The trial court’s action in overruling appellant’s motion for a new trial resolved all fact issues .against appellants where there was a conflict of evidence, and, as the evidence was conflicting as to when the alleged misconduct occurred, we are justified in concluding that the jury had found that the government engineer did not act arbitrarily, capriciously, or unreasonably before the alleged misconduct occurred, which of course rendered the answer to question No. 7 immaterial.

Regardless of when the alleged misconduct may have occurred, it is very doubtful if the same was of such a nature as to require a reversal of this case. The alleged misconduct consisted of a statement by the jury that the case would be appealed, anyhow, and that Schoenfeld would not have to pay the judgment if he lost, but that the insurance company would have it to pay, and that the insurance company would have no recourse against Schoenfeld.

There is no evidence that these statements affected the jury or caused them to find differently than they would have found if the remarks had not been made, and the remarks are not of such a nature that an injury to appellants will be presumed. Hansen v. Ponder (Tex. Civ. App.) 23 S.W.(2d) 737; Maloney v. G. A. Stowers Furniture Co. (Tex. Civ. App.) 28 S.W.(2d) 306; Ward v. Jones (Tex. Civ. App.) 293 S. W. 604; Commercial Standard Insurance Co. v. Miller (Tex. Com. App.) 48 S.W.(2d) 618.

It is shown that the remarks as to who would have to pay the judgment was invited by argument of counsel for appellants. The fact that the jury took issue with the argument or did not properly construe the bond cannot impeach or set aside their verdict. Kuntz v. Spence (Tex. Civ. App.) 48 S.W.(2d) 413; Ward v. Jones (Tex. Civ. App.) 293 S. W. 604.

The fact that one juror agreed to the verdict because he had been sick, because he did not want to be confined with one of the other jurors who had become sick, and because he wanted to get out and go home to his sick wife, can be of no effect. A juror will not be permitted to impeach his verdict, solemnly rendered in open court, by his own statement made on a motion for new trial, that he had in his mind certain improper considerations which prompted him to agree with his other eleven brother jurors. Especially is this true where these matters were not referred to by him during the deliberations or at the time the verdict was rendered in open court. The trial court properly excluded all testimony of this nature. Bradley v. R. Co. (Tex. Com. App.) 1 S.W.(2d) 861.

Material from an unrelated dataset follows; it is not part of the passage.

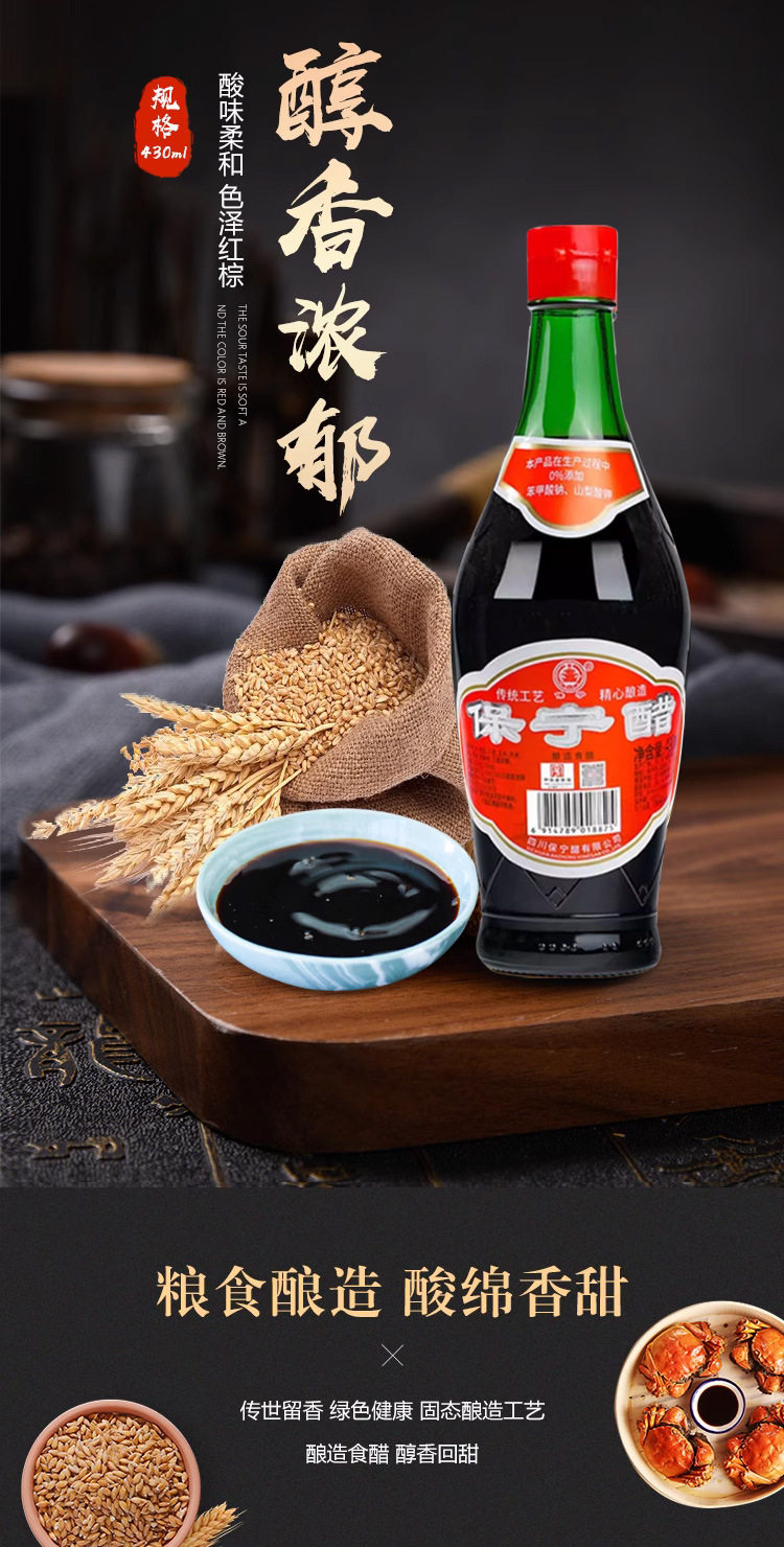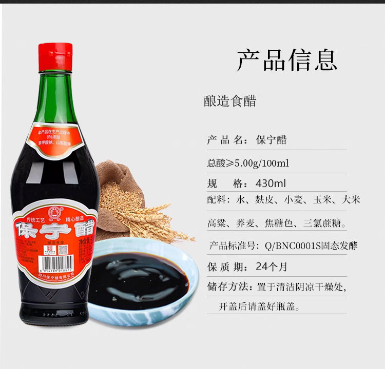 Baoning Vinegar Grade 1 430ml Bottled Household Edible Small Bottle Grain Brewed Cold Dumpling Speciality from Sichuan

In this case we have a statement of facts consisting of more than 600 pages of testimony, together with many exhibits. Appellants do not complain in their briefs of any error that occurred during the trial 'of this lengthy case, but seek a reversal of this judgment on the sole ground of misconduct of jury. We are of the opinion that the misconduct complained of is insufficient to require the setting aside of the judgment in this case.

The judgment of the trial court is affirmed.